[[ RECORDS TO PROCESS open ]]
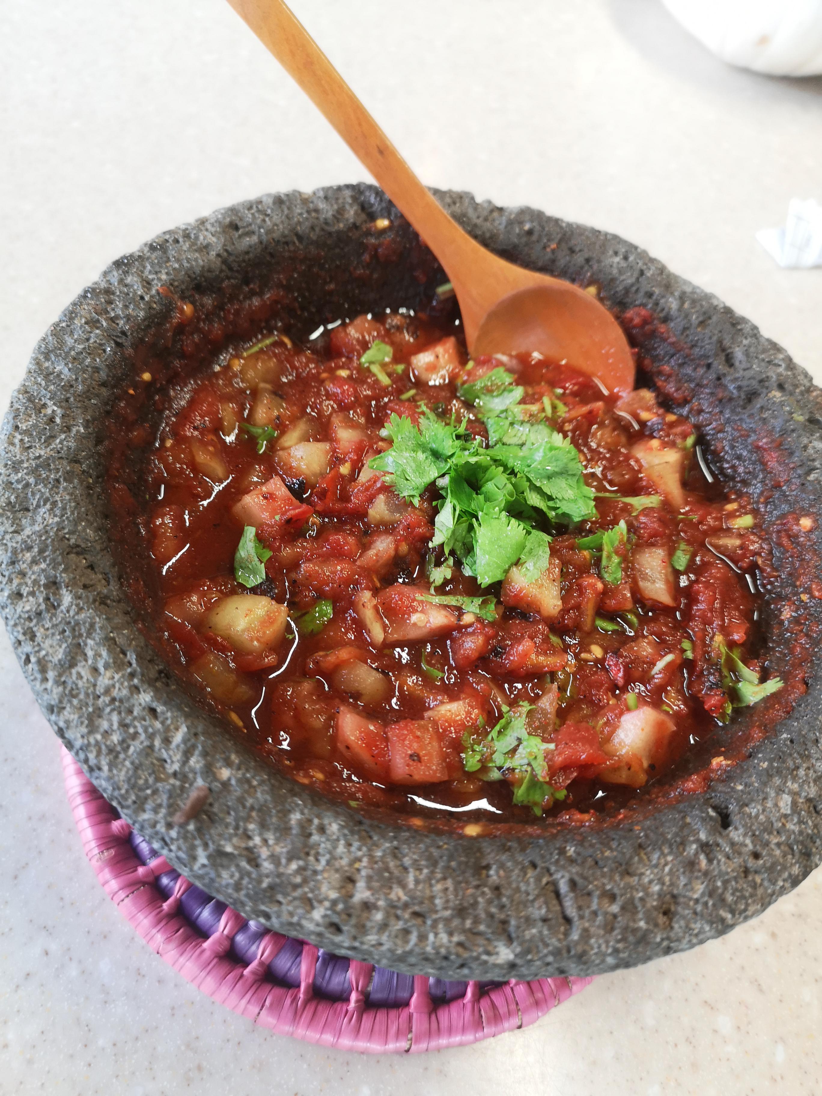 Press the xoconostle seeds to extract all the juice and add to the salsa too. Check the salt and add the coriander.
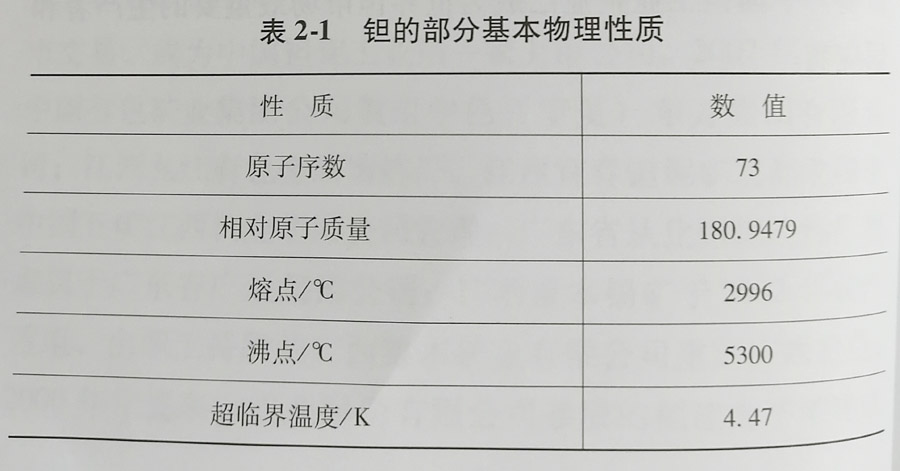 具有熔點高、蒸汽壓低、冷加工性能好、化學穩定性高、抗液態金屬和酸堿腐蝕能力強、表面氧化膜介電常數大等一系列優異特點,是重要的現代功能性材料。
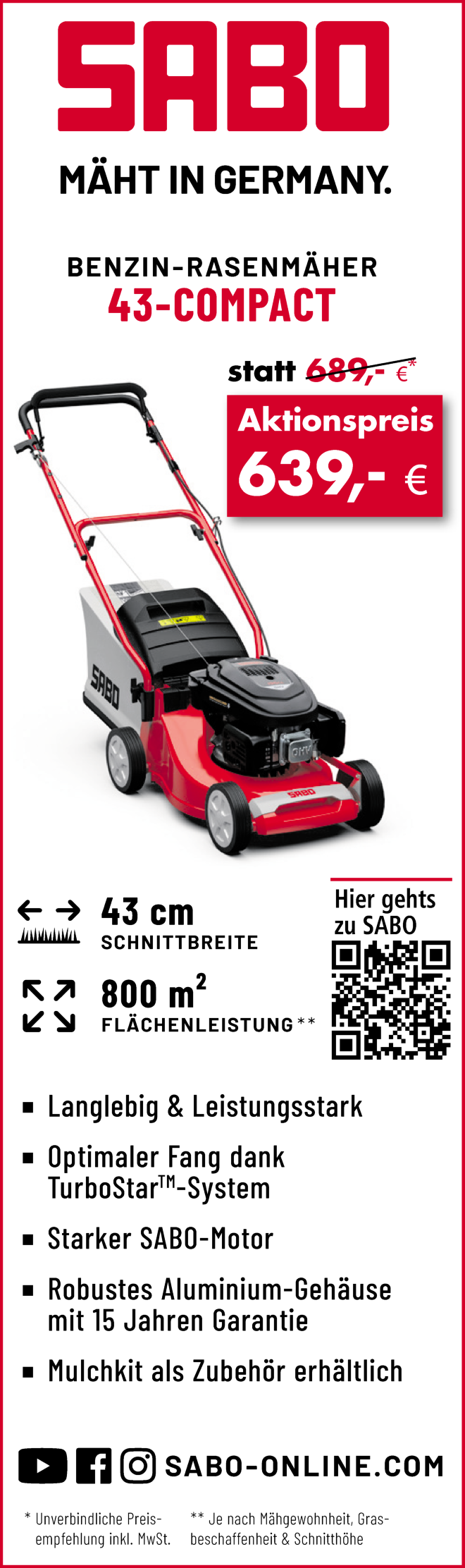 Mayer & Sohn ist seit 2010 QMF‑zertifiziert und unterzieht sich jährlich strengen Qualitätsprüfungen. Als AS‑Motor‑Stützpunkthändler und mit SABO als starker Hausmarke im Bereich Rasenmäher setzt das Unternehmen auf hochwertige Marken. Wer hier ein Gerät kauft, profitiert nicht nur von fundierter Beratung, sondern auch von einem Service, der im eigenen Haus höchste Priorität hat.
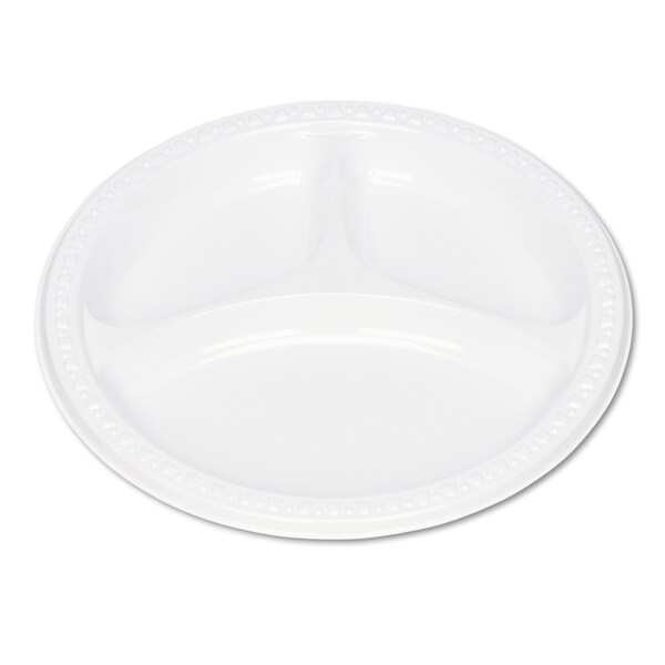 Plastic Dinnerware, 3-Compartment Plates, 9" dia, White, PK125 (Discontinued)
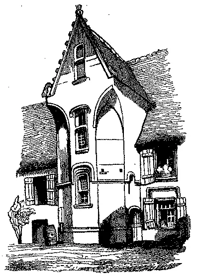 N'aquellas que ainda existem, os andares são bastante salientes, ficando em sacada uns sobre os outros, e as partes reentrantes, que apparecem no comprimento da edificação, são ornadas com molduras. Nas gravuras das paginas 266 [fig. 256] e 267 [fig. 257] vêem-se essas sacadas progressivas dos andares uns sobre os outros; nas cidades de grande população viam-se muitas vezes dois andares superiores ao rez-do-chão, e um terceiro andar posto ainda sobre o telhado, o qual recebia luz por grandes trapeiras. O maior numero das casas particulares tinha a empena voltada para o lado da rua; esta disposição era menos frequente nos palacios ou nas habitações das pessoas abastadas.
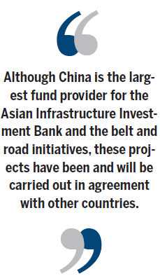 Although China is the largest fund provider for the Asian Infrastructure Investment Bank and the belt and road initiatives, these projects have been and will be carried out in agreement with other countries. Moreover, China does not seek veto power in the projects, and it will certainly not follow the examples set by the Asian Development Bank, World Bank and the IMF.
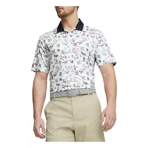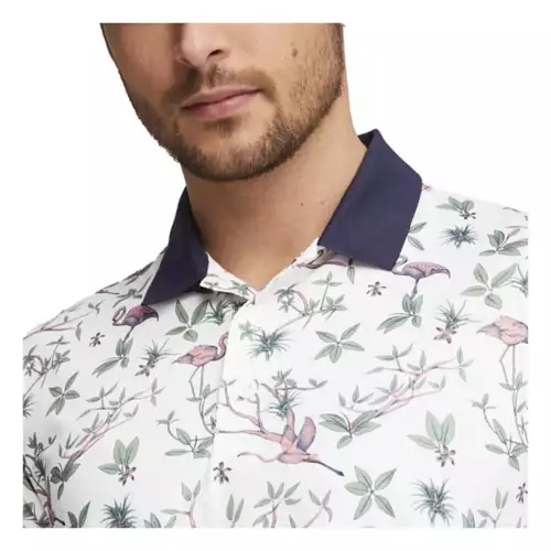 The flora and fauna of the lagoon adorn this breathable, moisture-wicking polo. Featuring MATTR fabric technology, this top is designed to fight back against all environmental hooks and slices the day might bring you. Extreme conditions are no match against this breathable fabric.
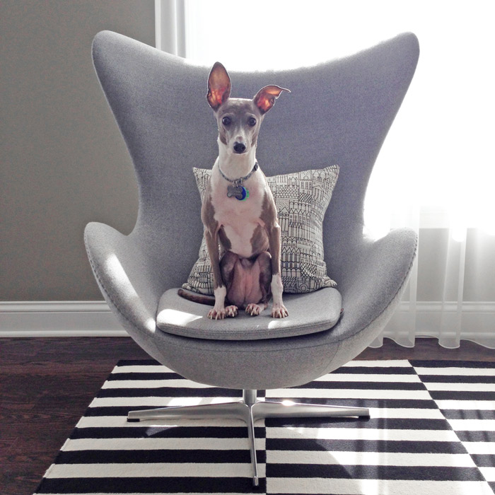 This is Bella, our rescued Italian Greyhound. Bella doesn’t waste any opportunity to jump up on our furniture when we are not looking. This is a photo of her on our Egg Chair, with her signature ‘deer in the headlights’ look.
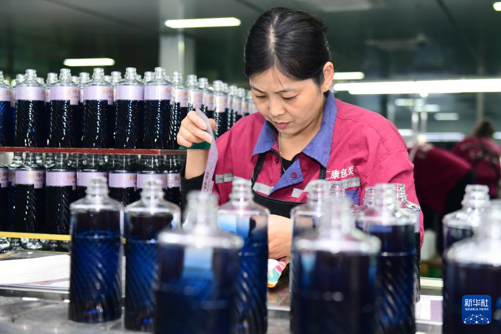11月27日,在郓城县丁里长街道烟郓科技产业园,工作人员为酒瓶贴花。
[[ RECORDS TO PROCESS closed ]]
**TASK DESCRIPTION**
Repeat the data exactly as written, but without the pictures.

**SOLUTION FOR THIS PROBLEM**
 Press the xoconostle seeds to extract all the juice and add to the salsa too. Check the salt and add the coriander.
 具有熔點高、蒸汽壓低、冷加工性能好、化學穩定性高、抗液態金屬和酸堿腐蝕能力強、表面氧化膜介電常數大等一系列優異特點,是重要的現代功能性材料。
 Mayer & Sohn ist seit 2010 QMF‑zertifiziert und unterzieht sich jährlich strengen Qualitätsprüfungen. Als AS‑Motor‑Stützpunkthändler und mit SABO als starker Hausmarke im Bereich Rasenmäher setzt das Unternehmen auf hochwertige Marken. Wer hier ein Gerät kauft, profitiert nicht nur von fundierter Beratung, sondern auch von einem Service, der im eigenen Haus höchste Priorität hat.
 Plastic Dinnerware, 3-Compartment Plates, 9" dia, White, PK125 (Discontinued)
 N'aquellas que ainda existem, os andares são bastante salientes, ficando em sacada uns sobre os outros, e as partes reentrantes, que apparecem no comprimento da edificação, são ornadas com molduras. Nas gravuras das paginas 266 [fig. 256] e 267 [fig. 257] vêem-se essas sacadas progressivas dos andares uns sobre os outros; nas cidades de grande população viam-se muitas vezes dois andares superiores ao rez-do-chão, e um terceiro andar posto ainda sobre o telhado, o qual recebia luz por grandes trapeiras. O maior numero das casas particulares tinha a empena voltada para o lado da rua; esta disposição era menos frequente nos palacios ou nas habitações das pessoas abastadas.
 Although China is the largest fund provider for the Asian Infrastructure Investment Bank and the belt and road initiatives, these projects have been and will be carried out in agreement with other countries. Moreover, China does not seek veto power in the projects, and it will certainly not follow the examples set by the Asian Development Bank, World Bank and the IMF.
 The flora and fauna of the lagoon adorn this breathable, moisture-wicking polo. Featuring MATTR fabric technology, this top is designed to fight back against all environmental hooks and slices the day might bring you. Extreme conditions are no match against this breathable fabric.
 This is Bella, our rescued Italian Greyhound. Bella doesn’t waste any opportunity to jump up on our furniture when we are not looking. This is a photo of her on our Egg Chair, with her signature ‘deer in the headlights’ look.
11月27日,在郓城县丁里长街道烟郓科技产业园,工作人员为酒瓶贴花。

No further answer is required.